■ **Information supplied**:
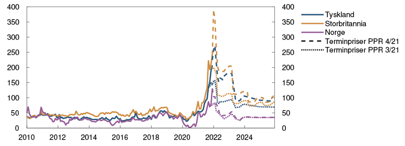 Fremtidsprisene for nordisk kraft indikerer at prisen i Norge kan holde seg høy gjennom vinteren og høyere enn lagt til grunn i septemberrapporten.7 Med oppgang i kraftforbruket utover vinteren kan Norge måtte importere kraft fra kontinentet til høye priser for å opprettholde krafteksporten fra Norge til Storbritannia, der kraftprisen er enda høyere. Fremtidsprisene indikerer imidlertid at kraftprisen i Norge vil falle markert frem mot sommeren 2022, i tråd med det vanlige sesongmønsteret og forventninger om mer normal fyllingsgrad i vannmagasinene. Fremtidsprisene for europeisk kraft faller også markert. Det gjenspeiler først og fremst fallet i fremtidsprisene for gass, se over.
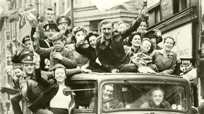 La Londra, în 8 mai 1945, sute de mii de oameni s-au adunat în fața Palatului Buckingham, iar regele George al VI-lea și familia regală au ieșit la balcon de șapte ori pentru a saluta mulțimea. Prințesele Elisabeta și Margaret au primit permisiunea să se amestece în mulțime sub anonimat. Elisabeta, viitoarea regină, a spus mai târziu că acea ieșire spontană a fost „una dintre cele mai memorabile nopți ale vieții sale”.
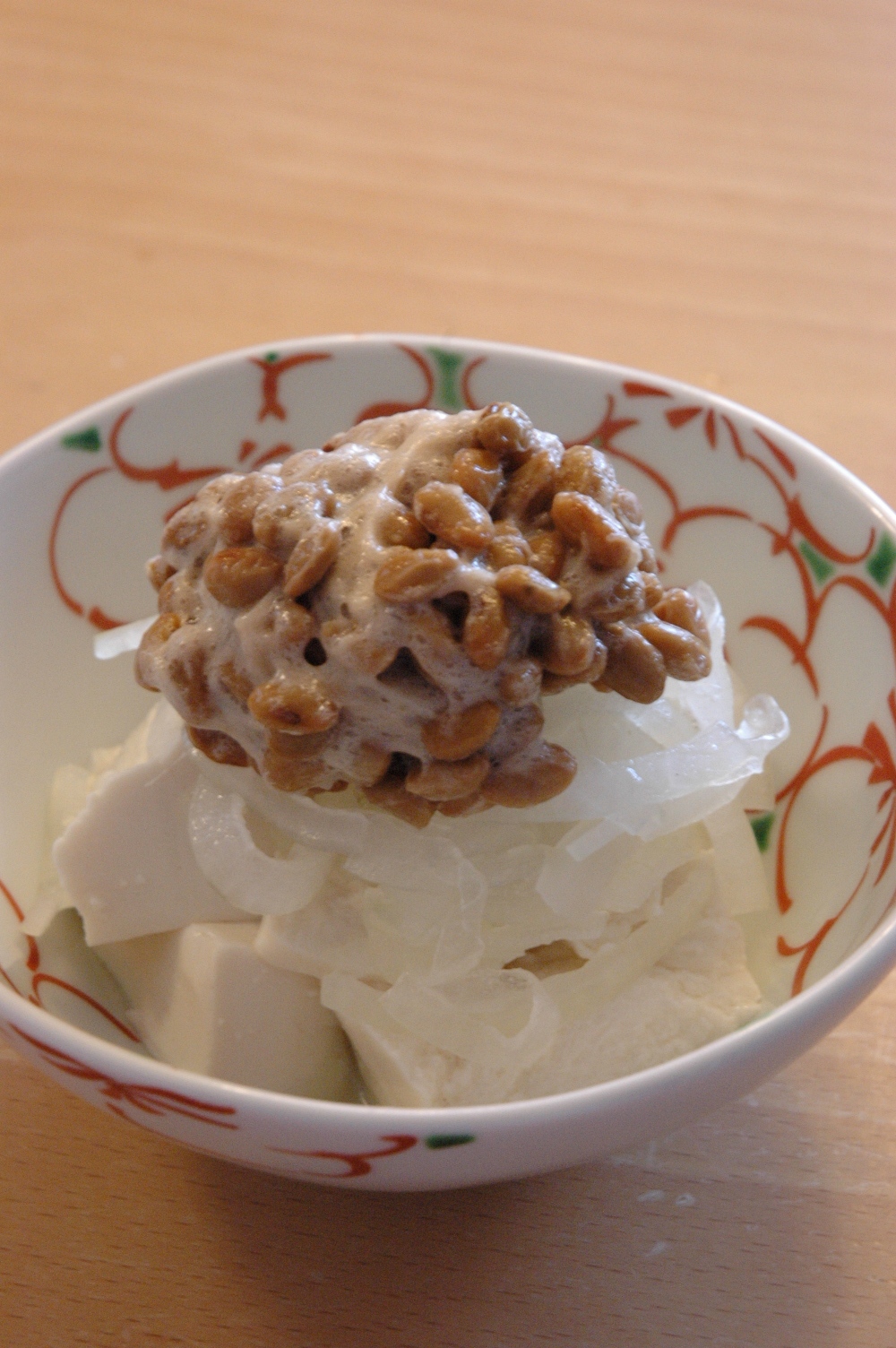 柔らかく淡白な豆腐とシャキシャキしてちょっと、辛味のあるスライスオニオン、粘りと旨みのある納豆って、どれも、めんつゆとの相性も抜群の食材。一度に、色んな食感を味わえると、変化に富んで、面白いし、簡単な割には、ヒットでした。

■ **Your assignment**: Repeat the listing above in full, exactly, and omit its pictures.

■ **Exercise output**:
 Fremtidsprisene for nordisk kraft indikerer at prisen i Norge kan holde seg høy gjennom vinteren og høyere enn lagt til grunn i septemberrapporten.7 Med oppgang i kraftforbruket utover vinteren kan Norge måtte importere kraft fra kontinentet til høye priser for å opprettholde krafteksporten fra Norge til Storbritannia, der kraftprisen er enda høyere. Fremtidsprisene indikerer imidlertid at kraftprisen i Norge vil falle markert frem mot sommeren 2022, i tråd med det vanlige sesongmønsteret og forventninger om mer normal fyllingsgrad i vannmagasinene. Fremtidsprisene for europeisk kraft faller også markert. Det gjenspeiler først og fremst fallet i fremtidsprisene for gass, se over.
 La Londra, în 8 mai 1945, sute de mii de oameni s-au adunat în fața Palatului Buckingham, iar regele George al VI-lea și familia regală au ieșit la balcon de șapte ori pentru a saluta mulțimea. Prințesele Elisabeta și Margaret au primit permisiunea să se amestece în mulțime sub anonimat. Elisabeta, viitoarea regină, a spus mai târziu că acea ieșire spontană a fost „una dintre cele mai memorabile nopți ale vieții sale”.
 柔らかく淡白な豆腐とシャキシャキしてちょっと、辛味のあるスライスオニオン、粘りと旨みのある納豆って、どれも、めんつゆとの相性も抜群の食材。一度に、色んな食感を味わえると、変化に富んで、面白いし、簡単な割には、ヒットでした。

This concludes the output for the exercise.